→ **ENTRIES SHOWN**:
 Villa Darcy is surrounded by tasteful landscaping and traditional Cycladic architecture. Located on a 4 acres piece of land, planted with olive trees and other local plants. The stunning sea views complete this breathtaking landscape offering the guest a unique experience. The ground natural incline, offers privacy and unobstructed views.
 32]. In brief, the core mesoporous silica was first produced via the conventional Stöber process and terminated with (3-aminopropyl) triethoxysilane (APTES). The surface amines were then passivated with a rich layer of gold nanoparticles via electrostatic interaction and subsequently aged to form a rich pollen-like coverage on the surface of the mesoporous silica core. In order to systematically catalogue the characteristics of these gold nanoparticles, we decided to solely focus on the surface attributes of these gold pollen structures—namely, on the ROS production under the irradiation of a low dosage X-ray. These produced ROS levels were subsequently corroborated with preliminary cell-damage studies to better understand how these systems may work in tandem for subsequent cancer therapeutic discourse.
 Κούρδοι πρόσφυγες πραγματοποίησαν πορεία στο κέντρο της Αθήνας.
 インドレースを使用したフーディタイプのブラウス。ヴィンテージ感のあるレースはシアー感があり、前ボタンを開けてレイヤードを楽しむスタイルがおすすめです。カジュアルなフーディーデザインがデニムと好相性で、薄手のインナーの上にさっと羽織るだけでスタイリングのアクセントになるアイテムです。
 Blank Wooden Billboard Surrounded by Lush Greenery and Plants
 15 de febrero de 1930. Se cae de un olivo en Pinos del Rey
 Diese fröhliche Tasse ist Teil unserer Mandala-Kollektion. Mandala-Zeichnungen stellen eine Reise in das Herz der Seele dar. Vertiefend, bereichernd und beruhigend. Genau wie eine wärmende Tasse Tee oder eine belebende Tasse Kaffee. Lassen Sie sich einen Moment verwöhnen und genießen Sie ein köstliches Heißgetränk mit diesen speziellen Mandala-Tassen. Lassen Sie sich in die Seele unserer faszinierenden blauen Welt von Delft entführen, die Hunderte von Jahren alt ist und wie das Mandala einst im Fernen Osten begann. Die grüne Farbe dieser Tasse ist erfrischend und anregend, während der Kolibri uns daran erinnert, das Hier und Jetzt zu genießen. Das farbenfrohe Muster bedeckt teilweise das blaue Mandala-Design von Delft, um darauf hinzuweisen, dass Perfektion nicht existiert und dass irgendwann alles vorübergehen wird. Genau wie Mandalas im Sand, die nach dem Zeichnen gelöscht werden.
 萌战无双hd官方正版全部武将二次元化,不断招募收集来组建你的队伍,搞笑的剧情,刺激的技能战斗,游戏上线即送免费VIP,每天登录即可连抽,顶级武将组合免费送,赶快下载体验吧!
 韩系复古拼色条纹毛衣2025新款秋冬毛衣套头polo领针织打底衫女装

→ **REQUIRED ACTION**: Copy out each line of the material in which the word "with" turns up.

→ **WRITTEN SOLUTION**:
 Villa Darcy is surrounded by tasteful landscaping and traditional Cycladic architecture. Located on a 4 acres piece of land, planted with olive trees and other local plants. The stunning sea views complete this breathtaking landscape offering the guest a unique experience. The ground natural incline, offers privacy and unobstructed views.
 32]. In brief, the core mesoporous silica was first produced via the conventional Stöber process and terminated with (3-aminopropyl) triethoxysilane (APTES). The surface amines were then passivated with a rich layer of gold nanoparticles via electrostatic interaction and subsequently aged to form a rich pollen-like coverage on the surface of the mesoporous silica core. In order to systematically catalogue the characteristics of these gold nanoparticles, we decided to solely focus on the surface attributes of these gold pollen structures—namely, on the ROS production under the irradiation of a low dosage X-ray. These produced ROS levels were subsequently corroborated with preliminary cell-damage studies to better understand how these systems may work in tandem for subsequent cancer therapeutic discourse.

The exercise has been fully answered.